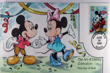 Lot #1578. View Larger | Rotate Hand-Painted First Day Cover by Collins, Disney w/ Mickey Mouse, 2005 VF
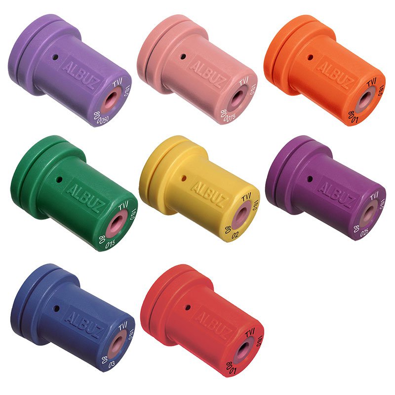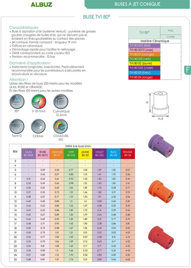 BUSE ANTI-DERIVE A INJECTION D'AIR - JET CONIQUE CREUX 80° - PRESSION 3-20BAR - COULEURS ISO
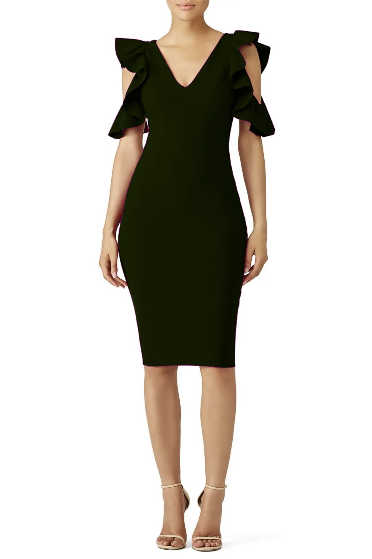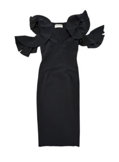 - Style: Beaufort Black V-Neck Ruffled Cold Shoulder Gown Dress
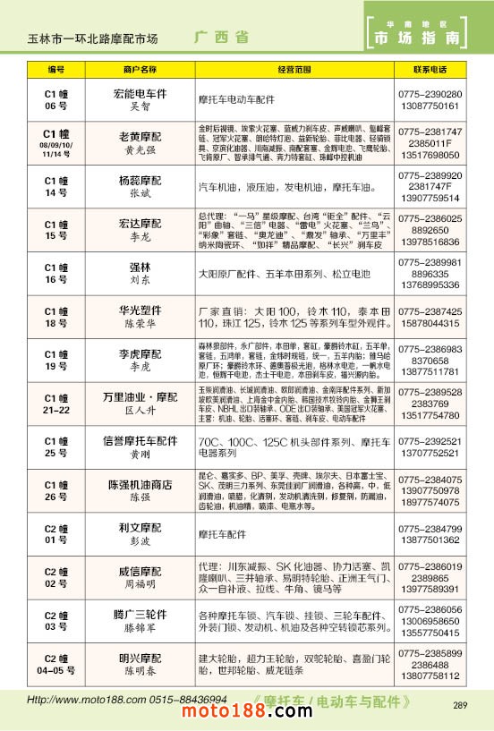 內289玉林市一環北路摩配市場
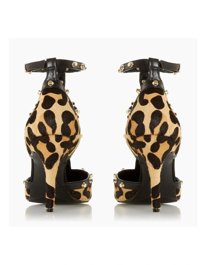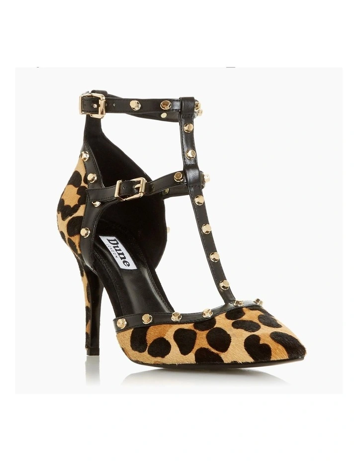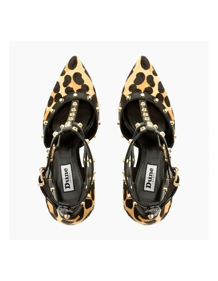 Make a statement with the stylish Clea court shoe from Dune. Featuring a striking print accented with gold-toned studs on the straps. It’s finished with a sleek pointed toe and rests on a medium stiletto heel.

Task details:
Extract exactly the lines above from the line containing "內289玉林市一環北路摩配市場" through the last one, both ends included, but not the pictures.

Task result:
 內289玉林市一環北路摩配市場
 Make a statement with the stylish Clea court shoe from Dune. Featuring a striking print accented with gold-toned studs on the straps. It’s finished with a sleek pointed toe and rests on a medium stiletto heel.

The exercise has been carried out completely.